**EXERCISE BRIEF**
Your copy of the lines below must match them exactly and contain no images.

------------------------------------------------------------

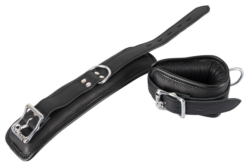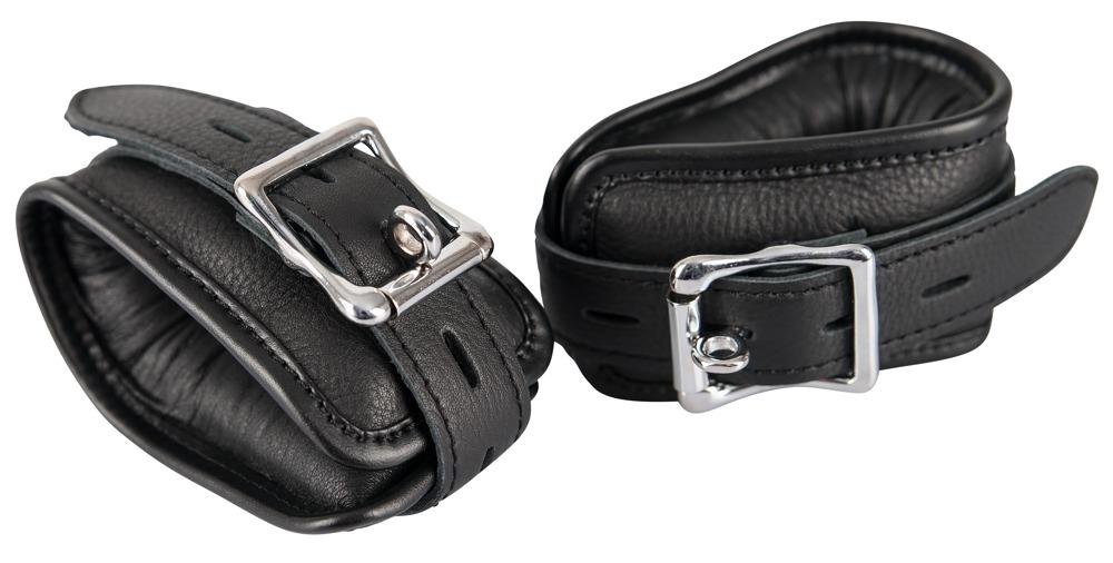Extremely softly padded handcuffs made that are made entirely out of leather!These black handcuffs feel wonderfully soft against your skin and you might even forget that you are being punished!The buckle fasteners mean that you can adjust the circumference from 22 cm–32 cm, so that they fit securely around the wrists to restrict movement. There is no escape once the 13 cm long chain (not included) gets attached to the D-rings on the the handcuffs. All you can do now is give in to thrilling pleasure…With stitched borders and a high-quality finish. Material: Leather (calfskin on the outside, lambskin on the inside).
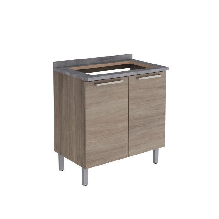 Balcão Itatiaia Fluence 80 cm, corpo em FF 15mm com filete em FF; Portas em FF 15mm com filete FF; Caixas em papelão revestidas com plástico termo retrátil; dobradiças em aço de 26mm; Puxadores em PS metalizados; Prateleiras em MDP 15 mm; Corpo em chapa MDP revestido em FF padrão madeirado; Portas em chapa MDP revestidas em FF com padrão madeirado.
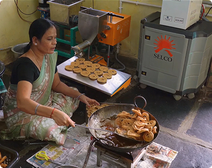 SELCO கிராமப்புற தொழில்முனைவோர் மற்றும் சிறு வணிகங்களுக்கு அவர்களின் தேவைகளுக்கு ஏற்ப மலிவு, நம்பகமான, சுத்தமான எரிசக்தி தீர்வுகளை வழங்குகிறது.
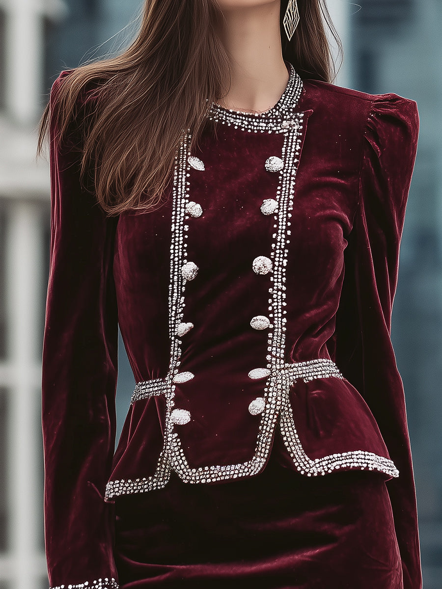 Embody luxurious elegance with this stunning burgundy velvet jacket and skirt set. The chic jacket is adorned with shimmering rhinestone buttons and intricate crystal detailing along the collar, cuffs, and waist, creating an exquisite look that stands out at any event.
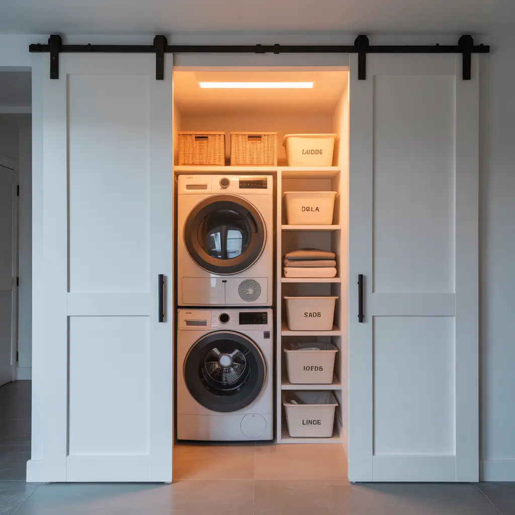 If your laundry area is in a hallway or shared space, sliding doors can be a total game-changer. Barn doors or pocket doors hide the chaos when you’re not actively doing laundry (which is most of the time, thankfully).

------------------------------------------------------------

**EXPECTED ANSWER**
Extremely softly padded handcuffs made that are made entirely out of leather!These black handcuffs feel wonderfully soft against your skin and you might even forget that you are being punished!The buckle fasteners mean that you can adjust the circumference from 22 cm–32 cm, so that they fit securely around the wrists to restrict movement. There is no escape once the 13 cm long chain (not included) gets attached to the D-rings on the the handcuffs. All you can do now is give in to thrilling pleasure…With stitched borders and a high-quality finish. Material: Leather (calfskin on the outside, lambskin on the inside).
 Balcão Itatiaia Fluence 80 cm, corpo em FF 15mm com filete em FF; Portas em FF 15mm com filete FF; Caixas em papelão revestidas com plástico termo retrátil; dobradiças em aço de 26mm; Puxadores em PS metalizados; Prateleiras em MDP 15 mm; Corpo em chapa MDP revestido em FF padrão madeirado; Portas em chapa MDP revestidas em FF com padrão madeirado.
 SELCO கிராமப்புற தொழில்முனைவோர் மற்றும் சிறு வணிகங்களுக்கு அவர்களின் தேவைகளுக்கு ஏற்ப மலிவு, நம்பகமான, சுத்தமான எரிசக்தி தீர்வுகளை வழங்குகிறது.
 Embody luxurious elegance with this stunning burgundy velvet jacket and skirt set. The chic jacket is adorned with shimmering rhinestone buttons and intricate crystal detailing along the collar, cuffs, and waist, creating an exquisite look that stands out at any event.
 If your laundry area is in a hallway or shared space, sliding doors can be a total game-changer. Barn doors or pocket doors hide the chaos when you’re not actively doing laundry (which is most of the time, thankfully).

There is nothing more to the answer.